I don't think he does. Without being stricken with polio, Roosevelt probably doesn't take a break from politics, and thus, probably runs for the Senate or Governorship much earlier that OTL. If he goes for the Senate, that gives him a voting record to run against, and, that, combined with the fact that Senators very seldom get elected President, plays against him, in my mind.

If he does get elected Governor earlier, I think that makes him 'old news' politically a lot faster, and he probably gets the Democratic presidential nomination earlier than OTL as well. IIRC, his speech at the 1924 Democratic National Convention (in which he nominated Smith) was so good that the delegates, had he not been so afflicted with polio and still in the early stages of recovery, considered nominating Roosevelt right then and there instead.
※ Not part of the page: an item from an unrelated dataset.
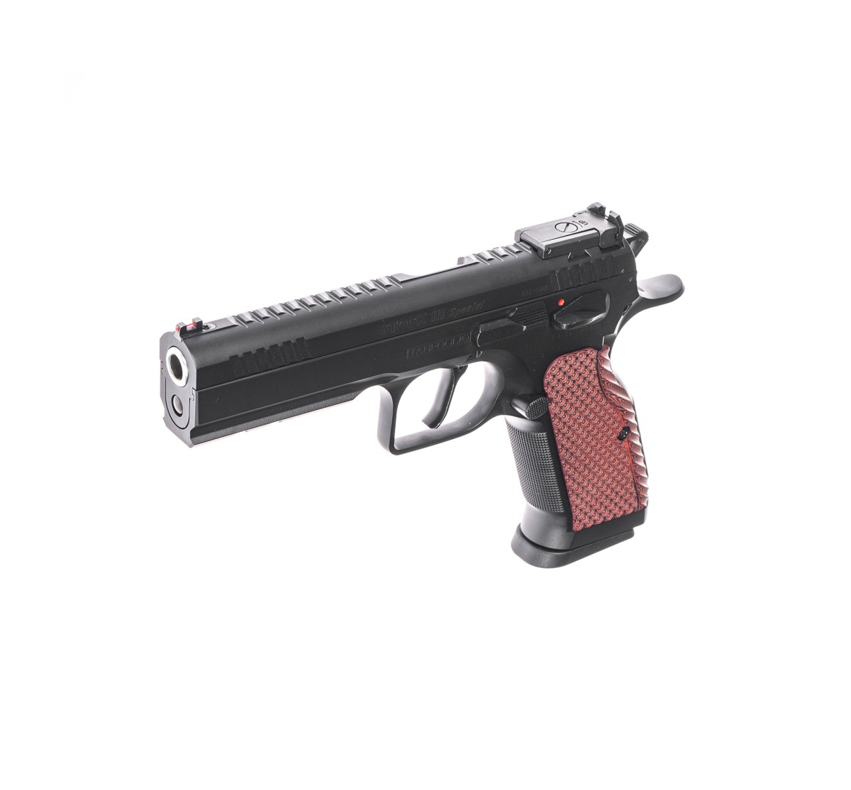 La Tanfoglio Stock III Special è un'arma sportiva pronto gare progettata per competere nella divisione IPSC Production. È un'arma pensata per fornire tanta qualità e prestazioni senza compromessi. Adotta un nuovo grilletto Next a doppia azione dritto, tacca di mira regolabile Supersight smussata e guancette in G10. È corredata di valigetta con 2 caricatori da 17 colpi e scovolo per la pulizia. Borsone 2 in 1 (BTA) in omaggio.

If Roosevelt does manage to become President, he's not going to be the same Roosevelt that we know from OTL, either. Roosevelt's affliction with polio changed the way he viewed the world and took him from being a Wilsonian liberal to the social democrat that he governed as, galvanizing Roosevelt toward the concerns of the disadvantaged and the out of luck.
 
without Polio (or Guillain-Barré syndrome) FDR had never become U.S. President

It was this illness that changed him, make FDR to a fighter and winner
Roosevelt refused to accept that he was permanently paralyzed from wast down.
he laboriously taught himself to walk a short distance by swiveling his torso while supporting himself with iron braces and a cane!

there this anecdote
were Roosevelt (in wheelchair) in arguments with his Generals
"that's impossible, mister President" declare one General
Roosevelt rise up of his wheelchair
"Nothing is impossible" he counter...
 
FDR as Bourbon? I like this idea. TNF, please elaborate. ;)


Ooo yes do.

I see both President Roosevelts as great men because they fought through adversity (be it childhood illness/weakness or Polio) and came out the other side with a can-do attitude. What doesn't kill you makes you stronger. He could still be POTUS, but could he be the type of POTUS that could handle the Great Depression? Maybe not...
 
Ooo yes do.

I see both President Roosevelts as great men because they fought through adversity (be it childhood illness/weakness or Polio) and came out the other side with a can-do attitude. What doesn't kill you makes you stronger. He could still be POTUS, but could he be the type of POTUS that could handle the Great Depression? Maybe not...
And, of course, there is the possibility that he could still be the sort of POTUS that could handle the Great Depression, but would 'get in too soon' to do it. After all, if he already is President in 1929, and assuming that the Great Depression starts on schedule, even if he handles it better than Hoover did, he's still going to have a harder time being re-elected, and if he has been President since '25 (going from TNF's recollection, and assuming he wins the Presidency and not just the Democratic nomination), he's going to have the third-term issue against him as well.